Two ways of taxing capital have been proposed by the Tax Working Group, including extending the current income tax regime.
Tax Working Group has released an interim report proposing two options for taxing capital gain.
The group was established by the government to look at whether there should be any changes to the tax system, including a potential capital gains tax - excluding the family home.
The head of the working group, Sir Michael Cullen, has just presented the interim report.
The group has received about 6700 submissions and spoke with business and community groups in roadshows across the country.
The group is proposing two options for taxing capital gain: any gain from the sale of assets taxed at roughly the marginal income tax rate, and the second a regime under which a portion of the value of certain assets would be subject to tax, for example rental properties, to be paid each year.

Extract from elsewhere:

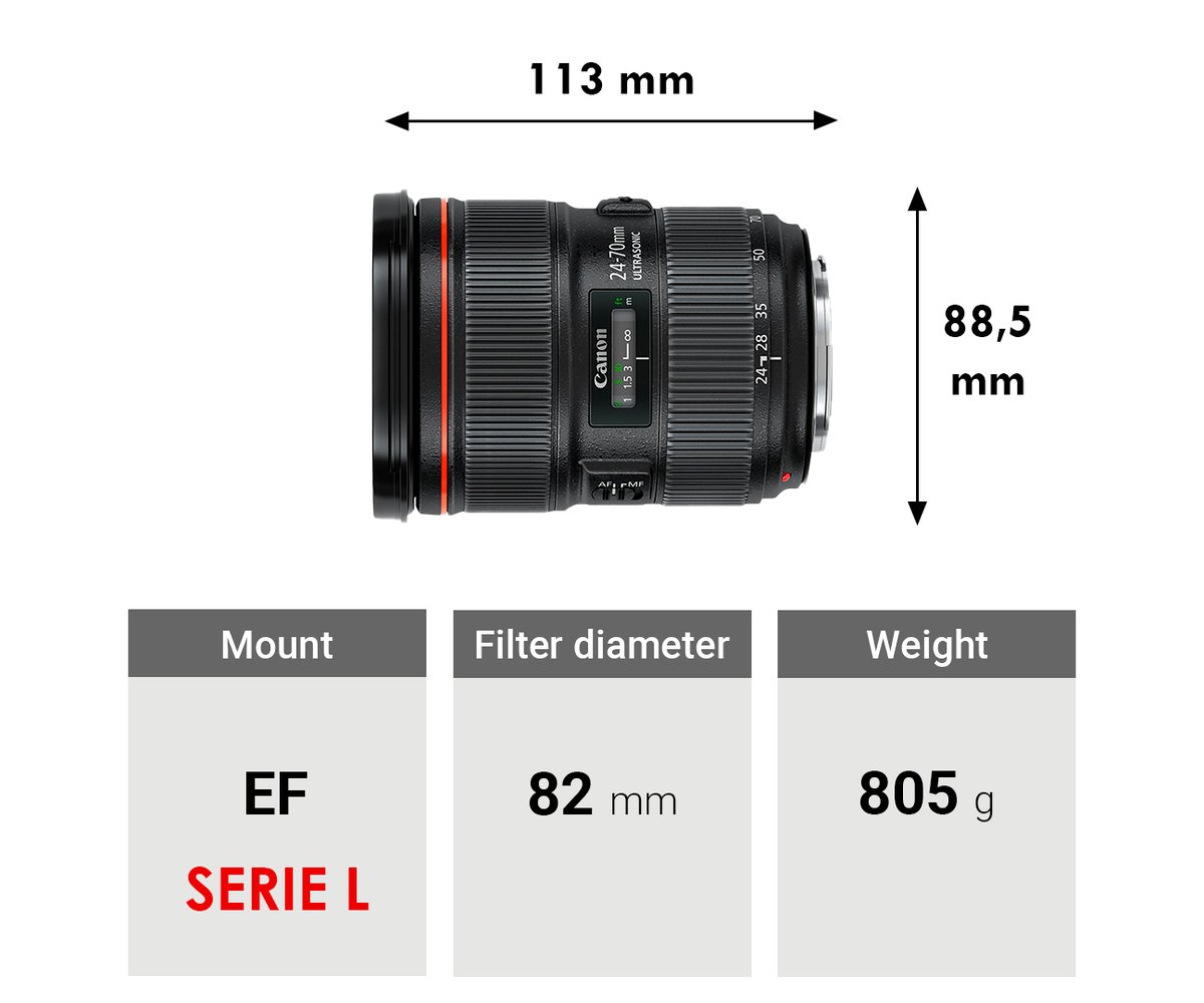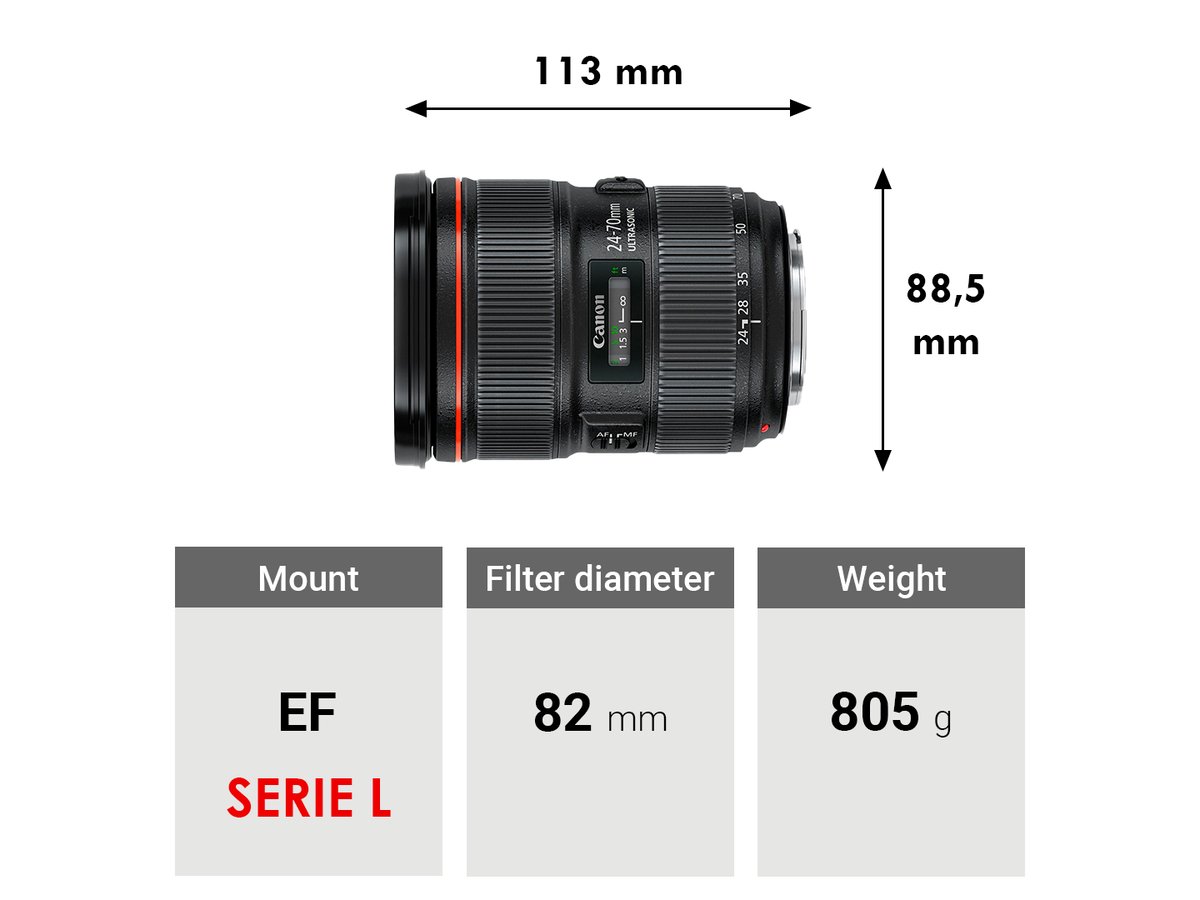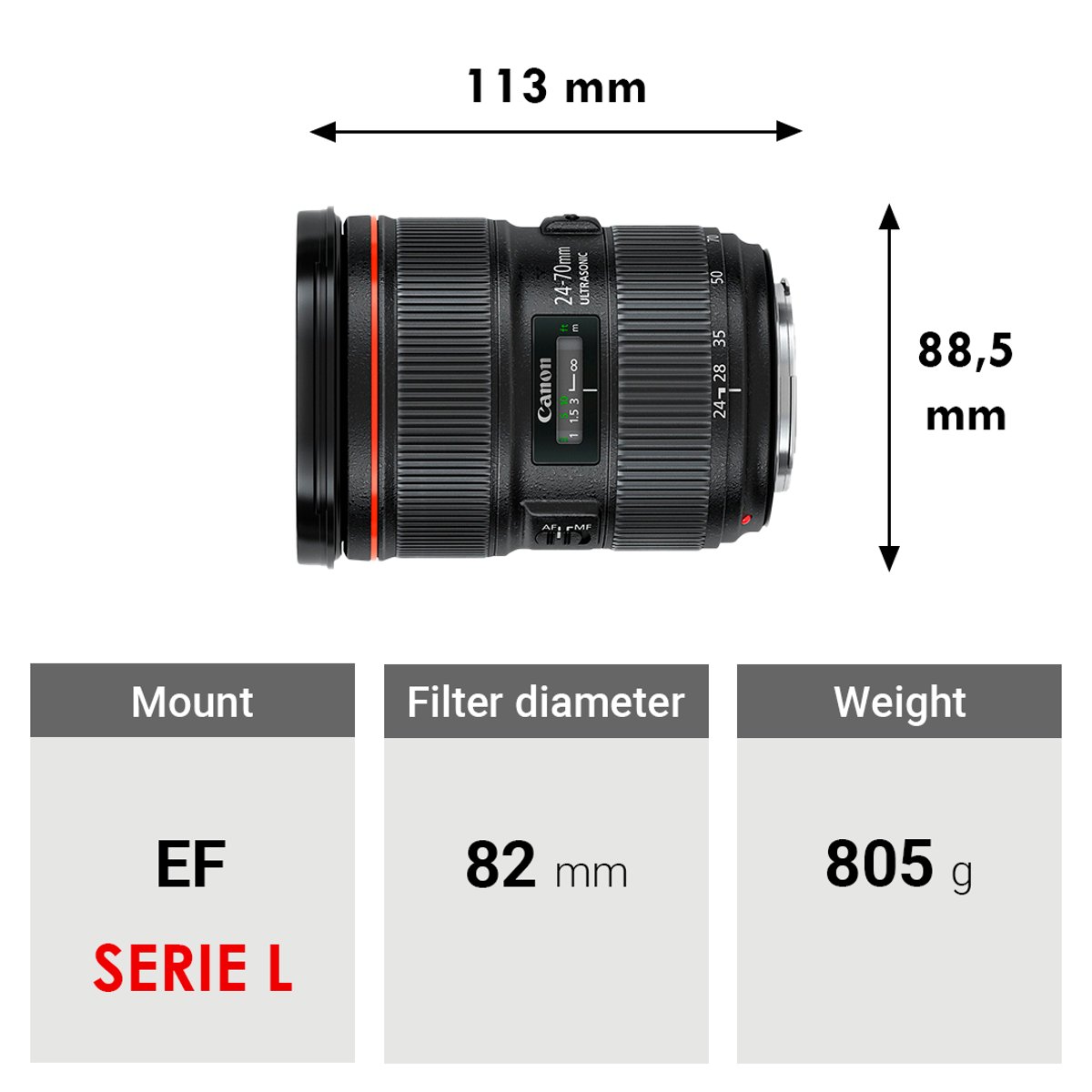 Spanning a popular and versatile range of focal lengths, the EF 24-70mm f/2.8L II USM is a Canon L-series zoom commonly thought of as the workhorse of lenses. Ranging from wide-angle to portrait length, this lens is also distinguished by its constant f/2.8 maximum aperture to benefit working in difficult lighting conditions and to afford greater control over depth of field. The lens is also characterized by its sophisticated optical design, which includes one Super UD element and two UD elements, which reduce color fringing and chromatic aberrations in order to realize a high degree of color accuracy and clarity. Three aspherical elements are also featured, and minimize distortion and spherical aberrations for improved sharpness. Additionally, a Super Spectra coating has been applied to individual elements to control flare and ghosting for high contrast and neutral color fidelity.

However, Sir Michael said neither of these options were actual recommendations.
The report found there was "significant scope" to use tax to "sustain and enhance" New Zealand's "natural capital", including options like a waste disposal levy, "strengthening" the Emissions Trading Scheme, and congestion charges.
It also proposed removing the tax on employer contributions to superannuation schemes for those earning less than $48,000 a year.
The working group made no final recommendations about income tax rates, but suggested a progressive approach would be to reduce rates for the lower threshold tax brackets.
Public feedback will now be sought before the working group releases its final report in February 2019.